* **WORK REQUIRED**: The expected result is a verbatim repetition of the lines from the start of the entries through the line containing "開包機(jī)-開松機(jī", with the pictures removed.
*** INFORMATION GIVEN ***
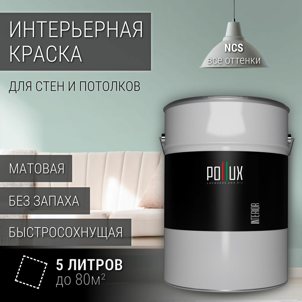 Краска моющаяся интерьерная для стен и потолков, Pollux INTERIOR без запаха, быстросохнущая, акриловая, матовое покрытие, цвет NCS S 1510-B80G, 5л. информация:
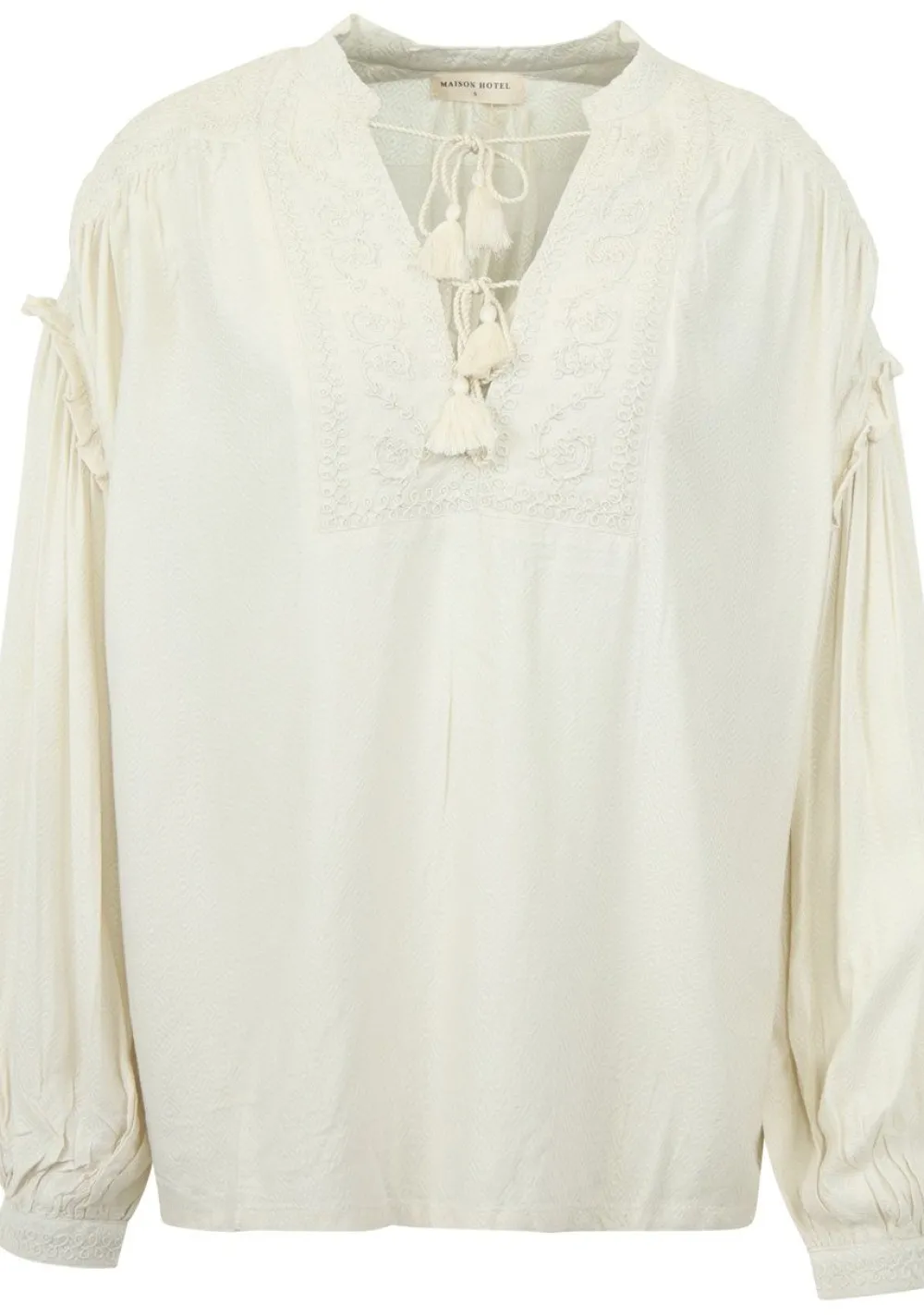 – Blouse afgewerkt met borduursels en een strik detail aan de voorzijde. De mouwen zijn afgewerkt met een ballon accent
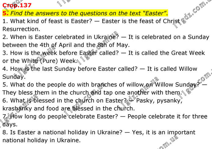 5. Find the answers to the questions on the text “Easter”. 1. What kind of feast is Easter? — Easter is the feast of Christ Resurrection. 2. When is Easter celebrated in Ukraine? — It is celebrated on a Sunday between the 4th of April and the 8th of May. 3. How is the week before Easter called? — It is called the Great Week or the White (Pure) Week. 4. How is the last Sunday before Easter called? — It is called Willow Sunday. 5. What do the people do with branches of willow on Willow Sunday? — They bless them in the church and tap one another with them. 6. What is blessed in the church on Easter? — Pasky, pysanky, krashanky and food are blessed in the church. 7. How long do people celebrate Easter? — People celebrate it for three days. 8. Is Easter a national holiday in Ukraine? — Yes, it is an important national holiday in Ukraine.
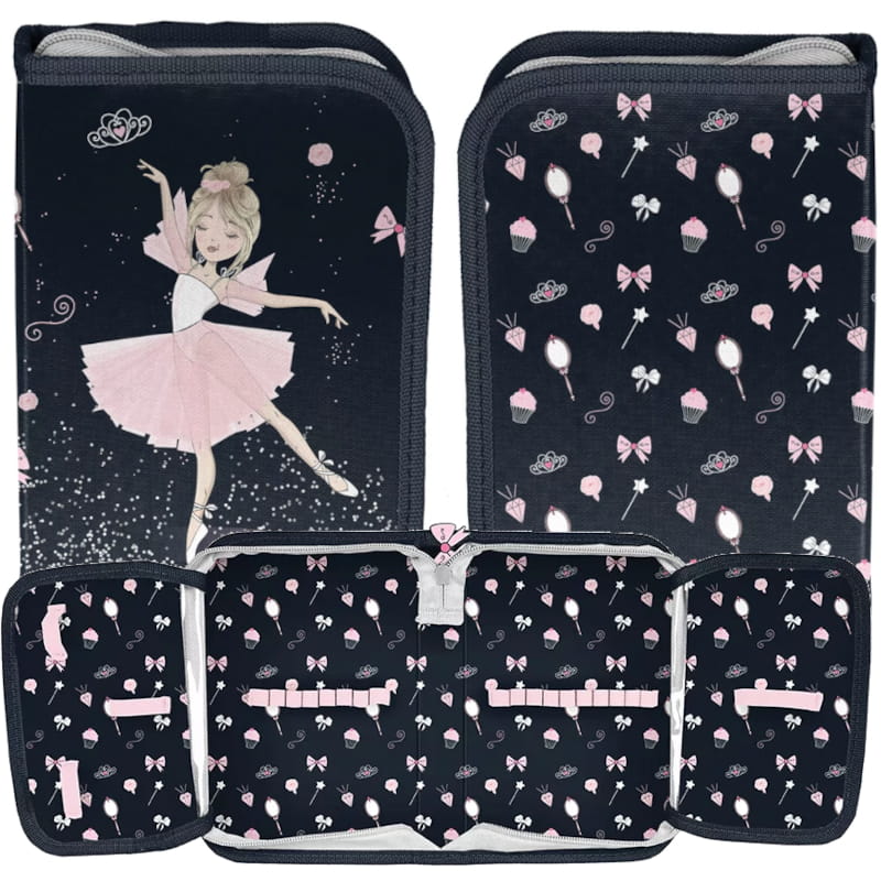 Пенал виготовлений у приємній для ока кольоровій гамі та показує графіку з мотивом балерини.
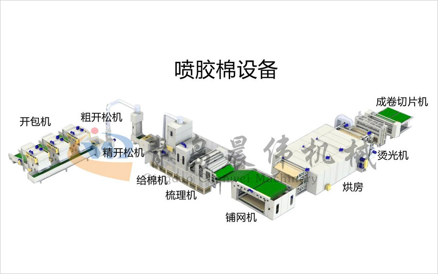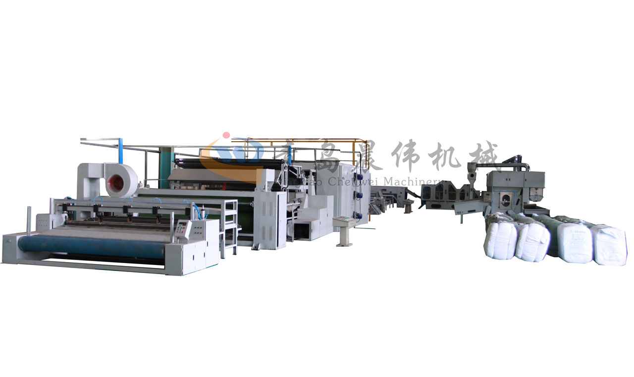開包機(jī)-開松機(jī)-振動(dòng)給棉機(jī)-梳理機(jī)-鋪網(wǎng)機(jī)-烘房-燙光機(jī)-成卷切片機(jī)
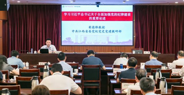 此次学习会分两个阶段进行。第一阶段邀请了江西省委党校黄德锋教授作《习近平总书记关于全面加强党的纪律建设的重要论述摘编》辅导报告。黄德锋教授从“纪律严明是党的光荣传统和独特优势”“习近平总书记关于全面加强党的纪律建设的重要论述的重要内容”“贯彻落实习近平总书记关于全面加强党的纪律建设的重要论述的实践要求”三个方面,系统全面讲解了《论述摘编》的主要内容和核心要义。各基层党委(党总支)书记,机关党委各支部书记参加了第一阶段学习。
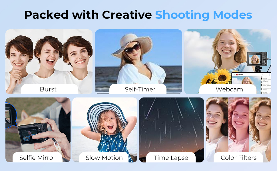 - Our digital cameras for photography lovers offers a range of creative options, including self-timer mode, continuous shooting, slow motion, time lapse, color filters, and webcam mode. It also features a built-in fill light, helping you capture well-lit shots anytime. You can also manually adjust white balance, exposure, ISO, and more for greater creative freedom.
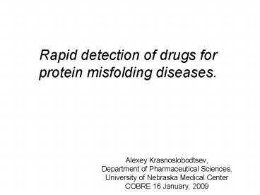 <Notice: Removed> Rapid detection of drugs for protein misfolding diseases. PowerPoint PPT Presentation
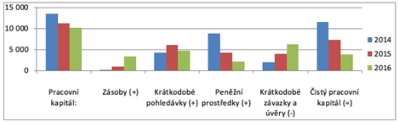 Čistý pracovní kapitál v letech 2014 až 2016 klesal z hodnoty 11,5 mil. Kč přes 7,3 mil. Kč na necelé 4 mil. Kč. Snižoval se tak finanční polštář ve vztahu k existujícím závazkům firmy. Navyšoval se stav zásob. Zcela zásadně se ztenčil stav disponibilních peněžních prostředků.
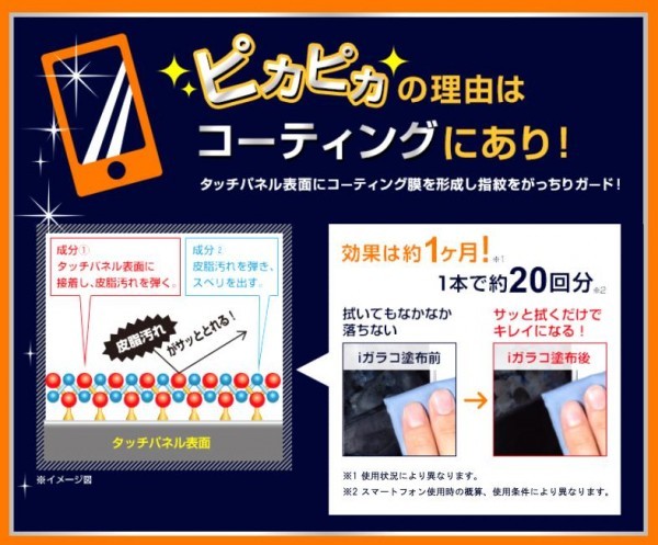 タッチパネル表面にコーティング膜を形成し、指紋をがっちりガード! |
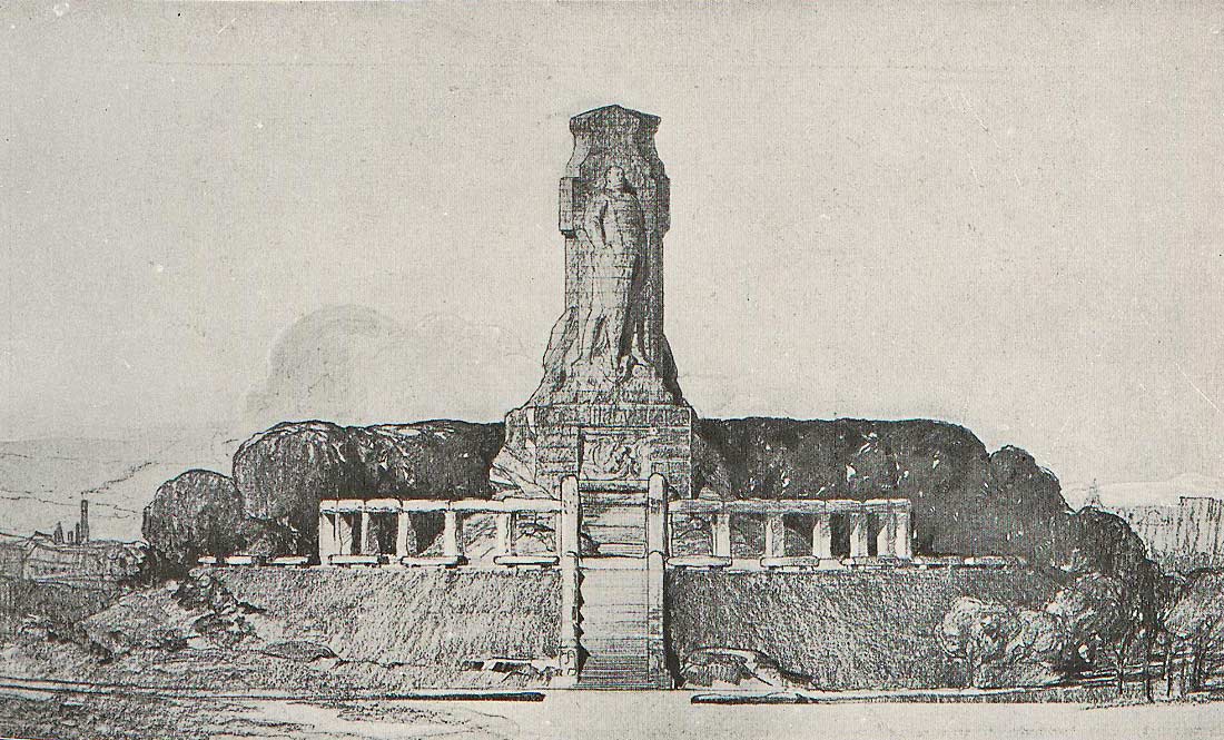 ipcsében a monumentumláz ölt el mindent. Emléket emeltek a kőnek, vasbetonnak és a vasnak. A követ a Völkerschlachtdenkmal képviseli. Igaz, hogy a magva ennek is vas-beton, de úgy felöltöztették kőbe, hogy a konstrukciós anyagából egy csipetke se látszik ki. A falazat kőkockái közt van kilencméteres is. S a szobrász Metzner pedig ugyancsak nagyra növesztett Titánokat és Rittereket faragtatott ki egyiptomiasan lesíkozva, némelyik eléri a 15 méter magasságot is. Kár, hogy a berlini Rheingold-vendéglőben ugyanazok a figurák egyhuszadléptékben csokoládészínűre pácolt fába faragva szintén láthatók."
*** End of INFORMATION GIVEN ***
* **REPLY TO THE EXERCISE**:
 Краска моющаяся интерьерная для стен и потолков, Pollux INTERIOR без запаха, быстросохнущая, акриловая, матовое покрытие, цвет NCS S 1510-B80G, 5л. информация:
 – Blouse afgewerkt met borduursels en een strik detail aan de voorzijde. De mouwen zijn afgewerkt met een ballon accent
 5. Find the answers to the questions on the text “Easter”. 1. What kind of feast is Easter? — Easter is the feast of Christ Resurrection. 2. When is Easter celebrated in Ukraine? — It is celebrated on a Sunday between the 4th of April and the 8th of May. 3. How is the week before Easter called? — It is called the Great Week or the White (Pure) Week. 4. How is the last Sunday before Easter called? — It is called Willow Sunday. 5. What do the people do with branches of willow on Willow Sunday? — They bless them in the church and tap one another with them. 6. What is blessed in the church on Easter? — Pasky, pysanky, krashanky and food are blessed in the church. 7. How long do people celebrate Easter? — People celebrate it for three days. 8. Is Easter a national holiday in Ukraine? — Yes, it is an important national holiday in Ukraine.
 Пенал виготовлений у приємній для ока кольоровій гамі та показує графіку з мотивом балерини.
開包機(jī)-開松機(jī)-振動(dòng)給棉機(jī)-梳理機(jī)-鋪網(wǎng)機(jī)-烘房-燙光機(jī)-成卷切片機(jī)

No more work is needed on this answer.